Sunday, May 10, 2015

THE STRANGE CASE OF DR. JEKYLL AND MR. HYDE by Robert Louis Stevenson Part Eight, The Last Night



THE STRANGE CASE OF DR. JEKYLL AND MR. HYDE
by Robert Louis Stevenson
PART EIGHT
THE LAST NIGHT


Mr. Utterson was sitting by his fireside one evening after dinner, when
he was surprised to receive a visit from Poole.

"Bless me, Poole, what brings you here?" he cried; and then taking a
second look at him, "What ails you?" he added; "is the doctor ill?"

"Mr. Utterson," said the man, "there is something wrong."

"Take a seat, and here is a glass of wine for you," said the lawyer.
"Now, take your time, and tell me plainly what you want."

"You know the doctor's ways, sir," replied Poole, "and how he shuts
himself up. Well, he's shut up again in the cabinet; and I don't like
it, sir--I wish I may die if I like it. Mr. Utterson, sir, I'm afraid."

"Now, my good man," said the lawyer, "be explicit. What are you afraid
of?"

"I've been afraid for about a week," returned Poole, doggedly
disregarding the question, "and I can bear it no more."

The man's appearance amply bore out his words; his manner was altered
for the worse; and except for the moment when he had first announced his
terror, he had not once looked the lawyer in the face. Even now, he sat
with the glass of wine untasted on his knee, and his eyes directed to a
corner of the floor. "I can bear it no more," he repeated.

"Come," said the lawyer, "I see you have some good reason, Poole; I see
there is something seriously amiss. Try to tell me what it is."

"I think there's been foul play," said Poole, hoarsely.

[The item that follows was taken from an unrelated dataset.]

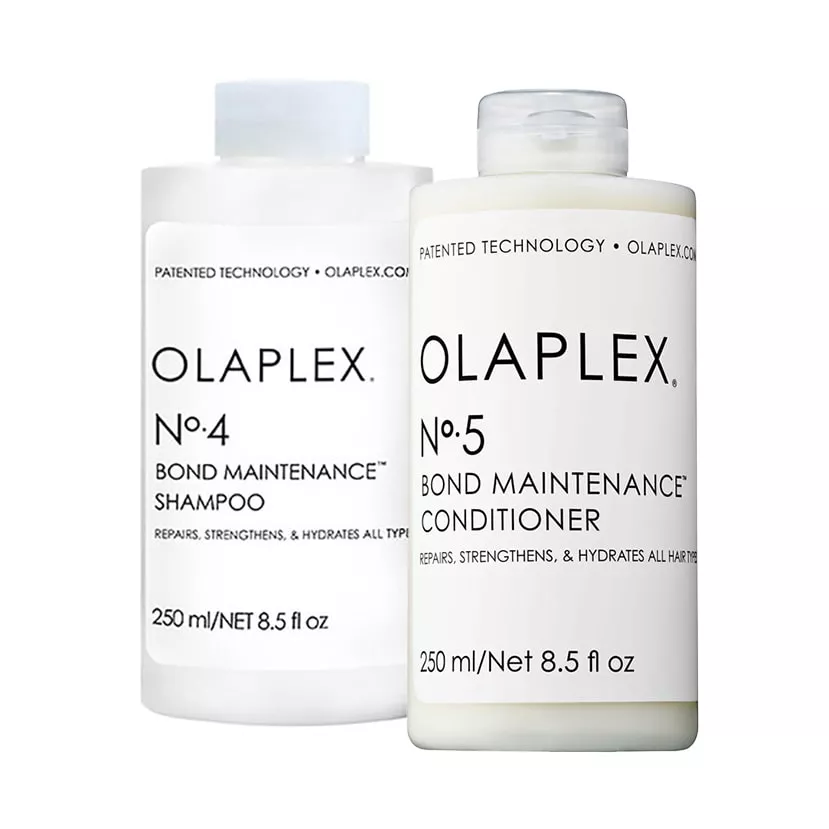 Odbuduj swoje włosy z zestawem Olaplex. Szampon odbudowujący Olaplex Bond Maintenance Shampoo naprawia wewnętrzną strukturę włosów zniszczonych zabiegami chemicznymi i sprawia, że są odpowiednio nawilżone. Zadbane i odbudowane włosy ładnie się układają i pięknie błyszczą. A dzięki nawodnieniu nie puszą się. Szampon można stosować do każdego rodzaju włosów. Odżywka regenerująca Olaplex Conditioner No. 5 to doskonały kosmetyk, który naprawia uszkodzenia włosów w wyniku zabiegów chemicznych i regeneruje kosmyki. Dzięki stosowaniu tego kosmetyku udaje się odbudować wiązania dwusiarczkowe. To dobre rozwiązanie dla każdego typu włosów.

"Foul play!" cried the lawyer, a good deal frightened and rather
inclined to be irritated in consequence. "What foul play! What does the
man mean?"

"I daren't say, sir," was the answer; "but will you come along with me
and see for yourself?"

Mr. Utterson's only answer was to rise and get his hat and greatcoat;
but he observed with wonder the greatness of the relief that appeared
upon the butler's face, and perhaps with no less, that the wine was
still untasted when he set it down to follow.

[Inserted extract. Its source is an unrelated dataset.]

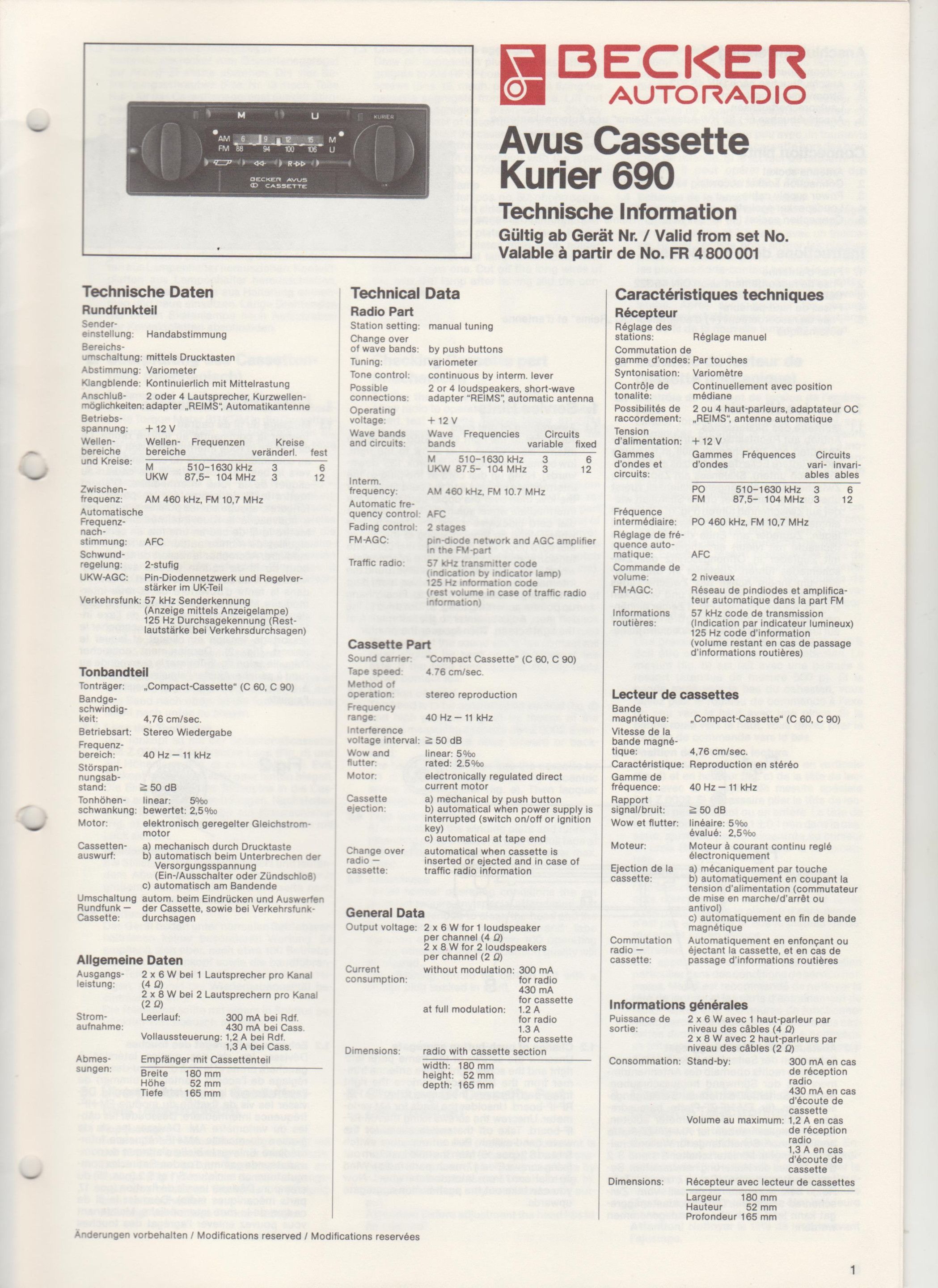 LIT1048: 22 seitige Technische Information AVUS Cassette Kurier 690

It was a wild, cold, seasonable night of March, with a pale moon, lying
on her back as though the wind had tilted her, and flying wrack of the
most diaphanous and lawny texture. The wind made talking difficult, and
flecked the blood into the face. It seemed to have swept the streets
unusually bare of passengers, besides; for Mr. Utterson thought he had
never seen that part of London so deserted. He could have wished it
otherwise; never in his life had he been conscious of so sharp a wish to
see and touch his fellow-creatures; for struggle as he might, there was
borne in upon his mind a crushing anticipation of calamity. The square,
when they got there, was full of wind and dust, and the thin trees in
the garden were lashing themselves along the railing. Poole, who had
kept all the way a pace or two ahead, now pulled up in the middle of
the pavement, and in spite of the biting weather, took off his hat and
mopped his brow with a red pocket-handkerchief. But for all the hurry of
his coming, these were not the dews of exertion that he wiped away, but
the moisture of some strangling anguish; for his face was white and his
voice, when he spoke, harsh and broken.

"Well, sir," he said, "here we are, and God grant there be nothing
wrong."

"Amen, Poole," said the lawyer.

Thereupon the servant knocked in a very guarded manner; the door was
opened on the chain; and a voice asked from within, "Is that you,
Poole?"

"It's all right," said Poole. "Open the door."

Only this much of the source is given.